According to the State Energy Office, North Carolina received SEP grants in 2013 and 2014.
From the 2013 grant, the state shared $400,000 in regional planning funds to study for economic benefits and other effects of clean energy manufacturing and energy-related jobs in sectors such as alternative-fuel vehicles, biofuels, energy efficiency, energy storage and solar and wind power.
The 2014 grant awarded $425,000 in funds to plan and develop energy coordination between North and South Carolina. The program is being administered in part through the University of North Carolina at Charlotte, but so far, none of the grant funds have been used, according to the energy office, which administers the grants program.

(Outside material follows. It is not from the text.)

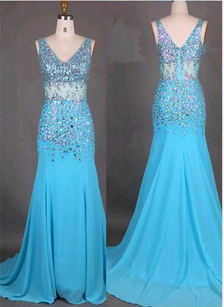 Vestidos de fiesta con escote en V y corpiño de cuentas tipo columna
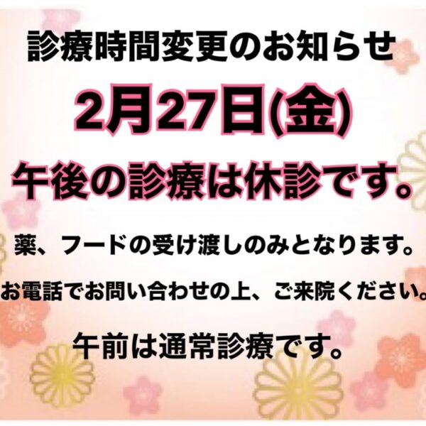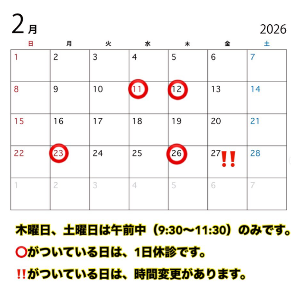 2月休診日のお知らせ お知らせ 2026.02.03 ◎2月11日(水)、23日(月)は祝日の為休診です。 ◎2月27日(金)は午後休診です。 お薬、フードの受け渡しは可能ですので、 お電話でお問い合わせの上ご来院ください。 ◎木曜日・土曜日は午前中のみの診察。 第2・第4週の木曜日は終日休診となります。◎日曜日・祝日は休診です。

Another grant for the 2015 cycle, which is aimed at studying energy-efficient lighting, heating and air conditioning and insulation, is pending.
North Carolina reaped its biggest grant under the Clean Energy and Manufacturing Initiative, which explores new materials, technologies and manufacturing processes. That funding, announced in January 2014 during a visit to N.C. State by President Barack Obama, provides a $70 million matching grant to $70 million in privately raised money over five years for the Next Generation Power Institute at the university.
Betsy McCorkle, director of government affairs for the N.C. Sustainable Energy Association, an advocacy group that has been working to raise awareness about the programs, said the N.C. State institute is a good example of how the grants can work for the state. The project, she said, has helped propel the state to the forefront of clean manufacturing and energy-efficiency research.
“This is the home of the institute,” McCorkle said. “It’s all happening here. We are training people here.”
McCorkle said that although the provision affects only future grants and would not stop current projects, the worry is that a ban on applications would lead to a shift in future federal resources away from the state.
“Those grants aren’t going away,” she said. “If they don’t go to North Carolina they’ll go to another state.”
So far, DENR officials have declined to take a public position for or against the Senate provision.
Harrison said she doesn’t know if the provision will survive negotiations in the House and Senate budget committee. Appropriations committee members from both chambers have yet to begin regular meetings while negotiators work out a compromise revenue plan. The current, temporary spending for the state ends Aug. 14.